## Task requirements
From the line that contains "This Nike Biker" to the final line below, both included, print each line exactly and skip the pictures.

## Provided records
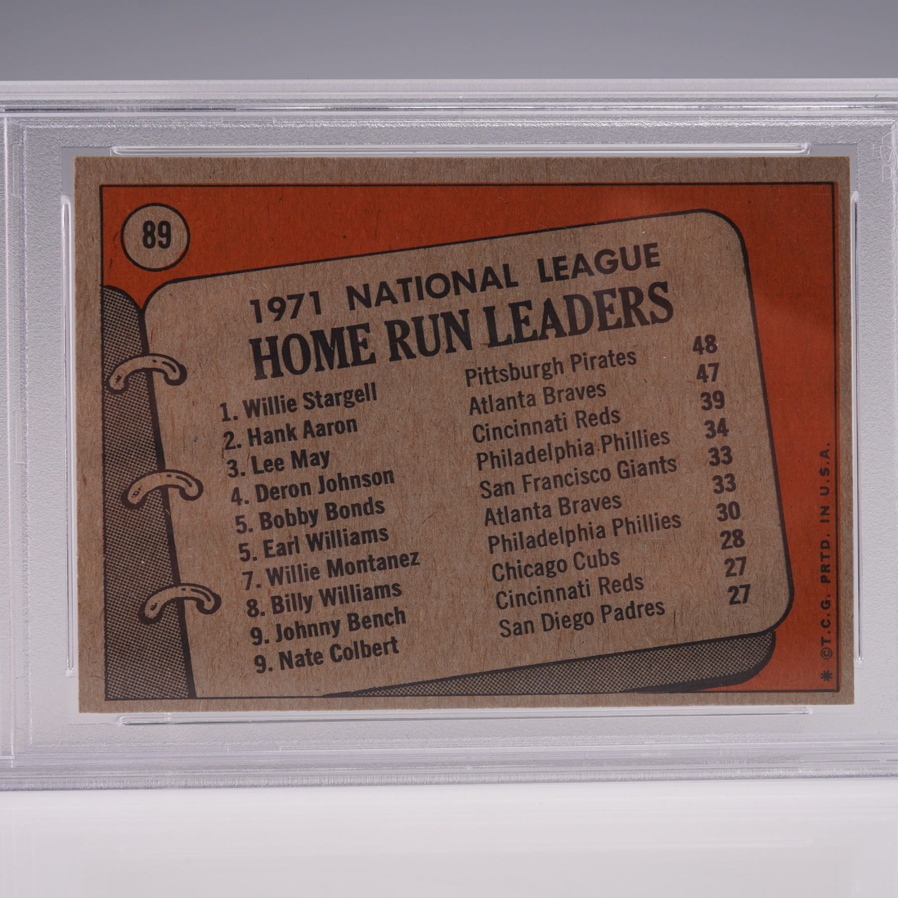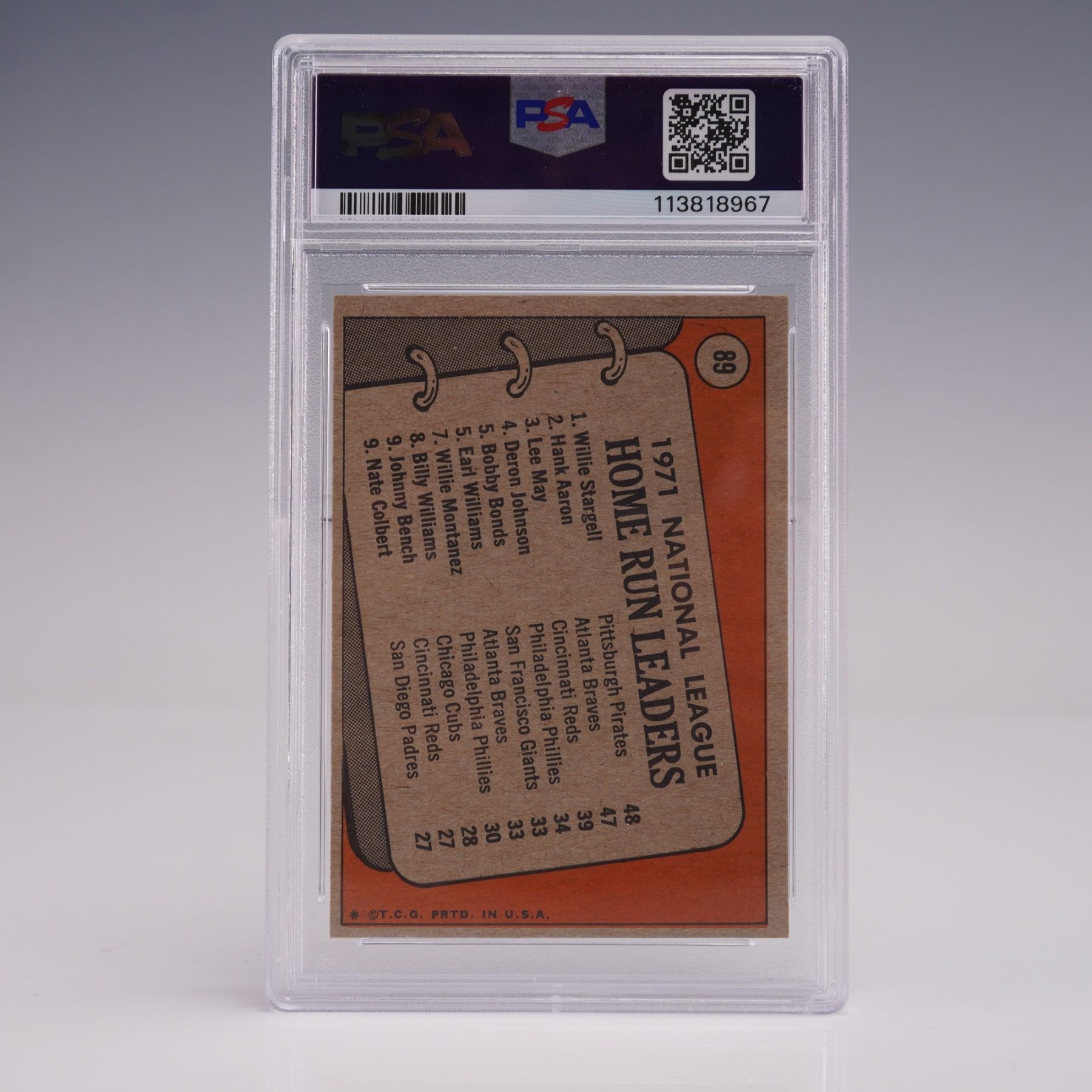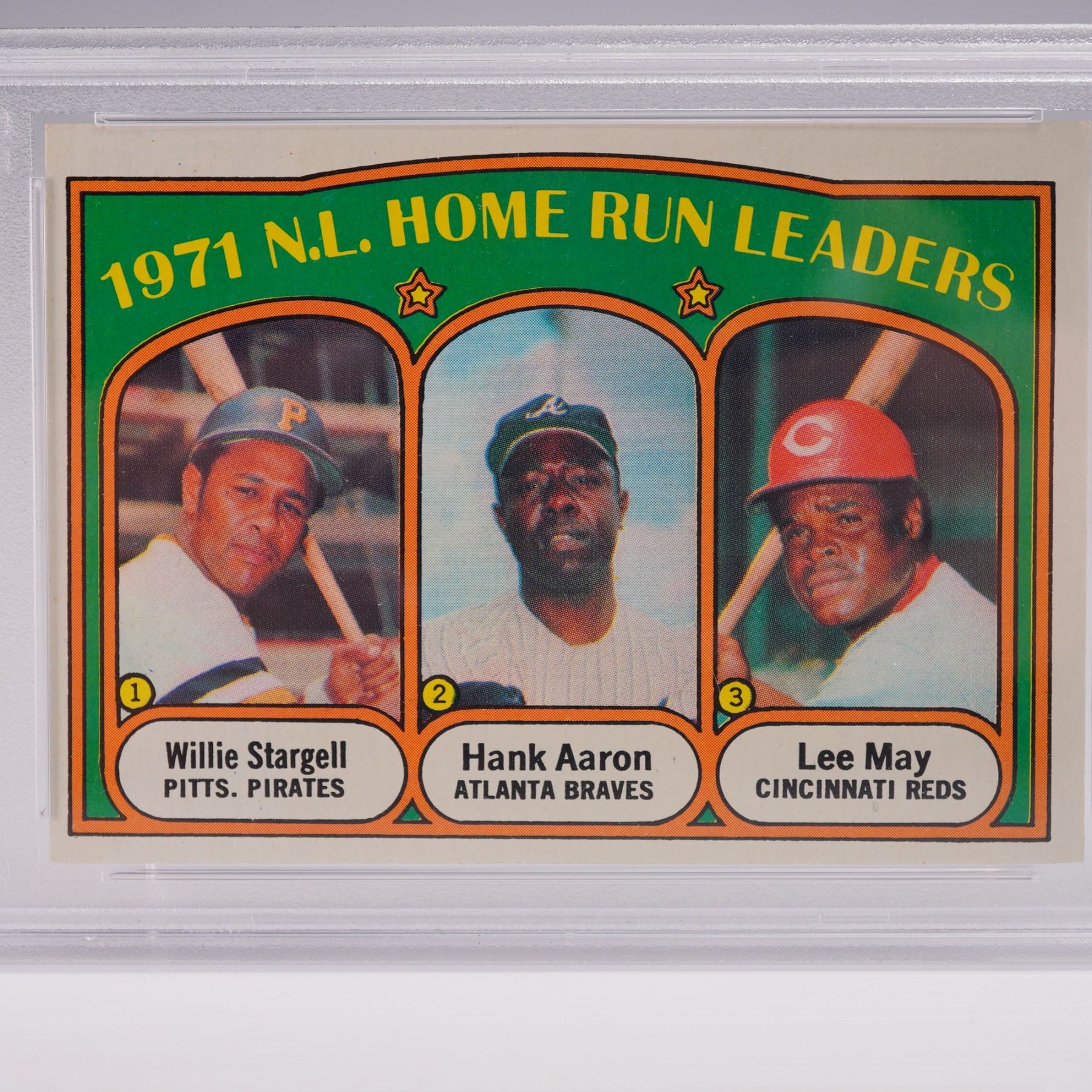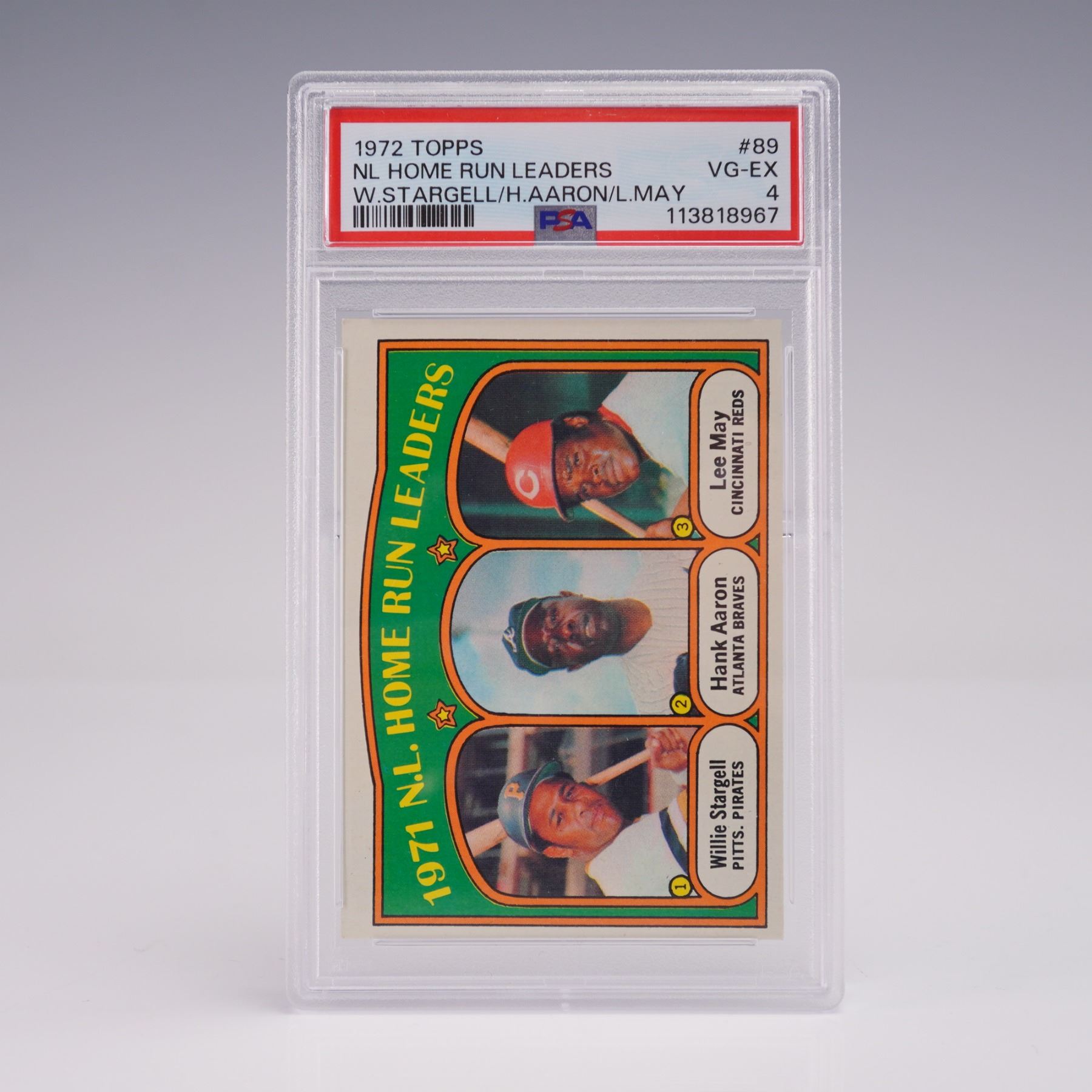 This 1972 Topps #89 National League Home Run Leaders card features three baseball greats: Willie Stargell of the Pittsburgh Pirates, Hank Aaron of the Atlanta Braves, and Lee May of the Cincinnati Reds. It is graded PSA 4 VGEX with certification. The card showcases vibrant colors and classic 1972 Topps design, commemorating the top sluggers of the 1971 season. A fine vintage collectible for Hall of Fame and 1970s baseball card enthusiasts. The PSA slab measures approx. 3.25"L x 5.25"H.
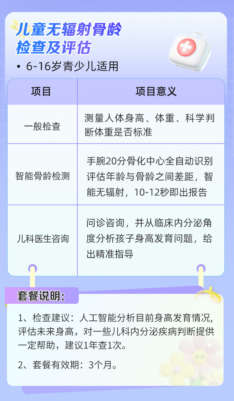 【北京爱康庇利积臣医疗中心】儿童无辐射骨龄检查及评估(6-16岁适用)
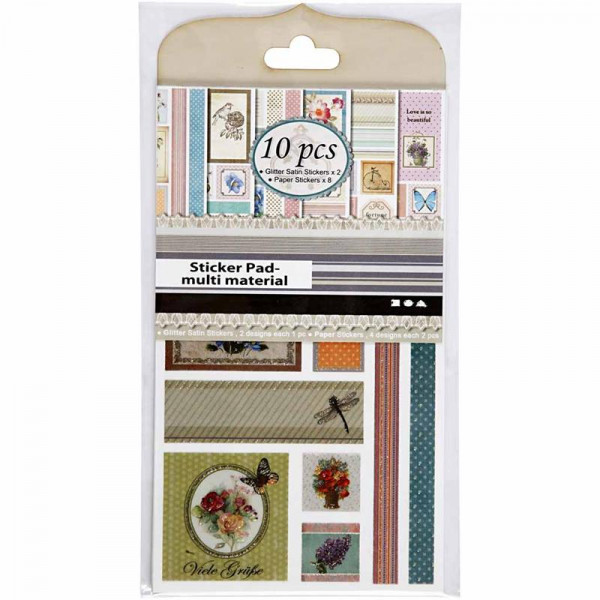 Paquet de 2 feuilles assorties avec autocollants en satin avec paillettes et 8 feuilles assorties avec autocollants en papier.
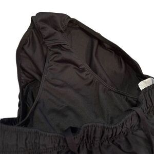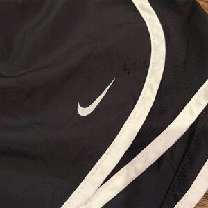 This Nike Biker shorts for women come in a size XS and feature a regular fit. Made from lightweight, breathable fabric with Dri-FIT technology, they are ideal for running and gym activities. The shorts are black with an elastic waistband, drawstring closure, built-in briefs, and a curved hem. The Nike Swoosh logo is prominently displayed. They are machine washable and pre-owned.
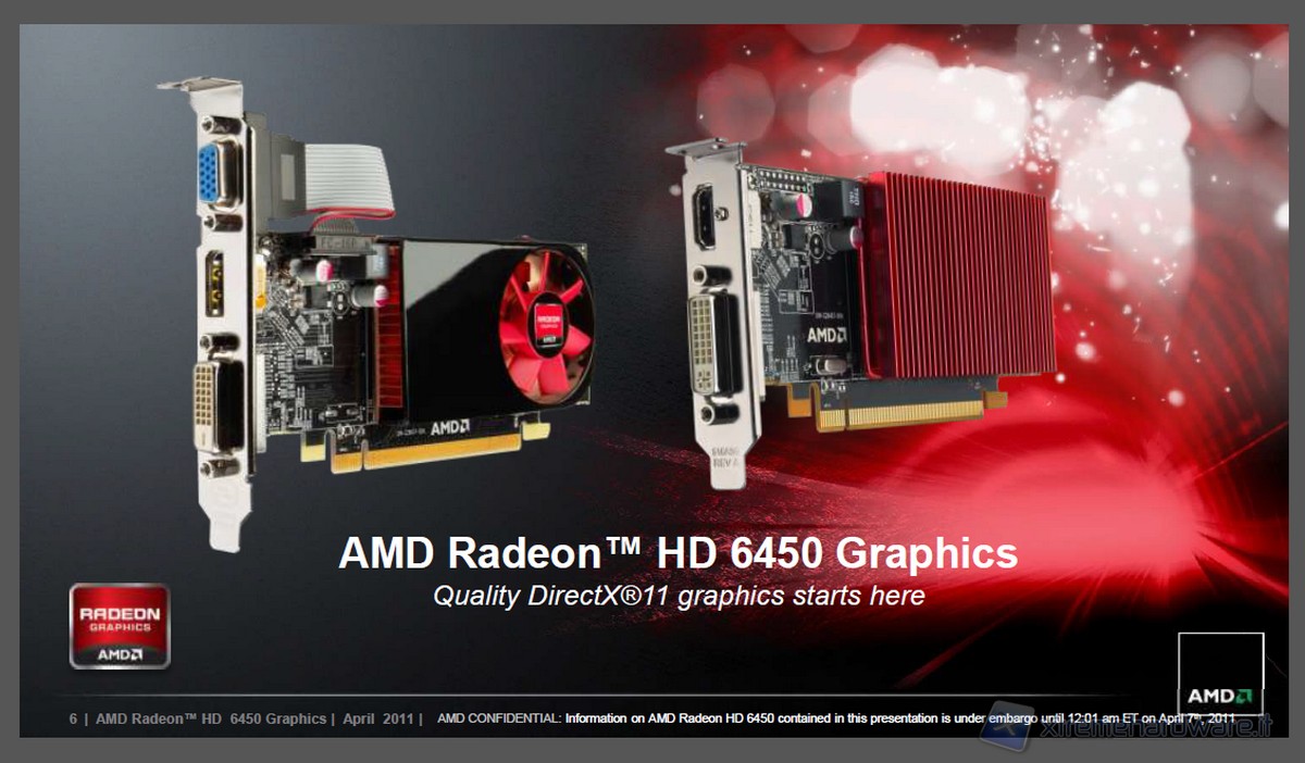 AMD_Radeon_HD_6450_logo Nei giorni scorsi AMD ha fatto esordire in anteprima la Radeon HD 6450, una scheda grafica dedicata alla fascia entry level del mercato consumer. Nella precedente recensione abbiamo avuto modo di analizzare caratteristiche e funzionalità, adesso andremo ad analizzarne le prestazioni velocistiche principalmente in ambito gaming.

## The completed task
 This Nike Biker shorts for women come in a size XS and feature a regular fit. Made from lightweight, breathable fabric with Dri-FIT technology, they are ideal for running and gym activities. The shorts are black with an elastic waistband, drawstring closure, built-in briefs, and a curved hem. The Nike Swoosh logo is prominently displayed. They are machine washable and pre-owned.
 AMD_Radeon_HD_6450_logo Nei giorni scorsi AMD ha fatto esordire in anteprima la Radeon HD 6450, una scheda grafica dedicata alla fascia entry level del mercato consumer. Nella precedente recensione abbiamo avuto modo di analizzare caratteristiche e funzionalità, adesso andremo ad analizzarne le prestazioni velocistiche principalmente in ambito gaming.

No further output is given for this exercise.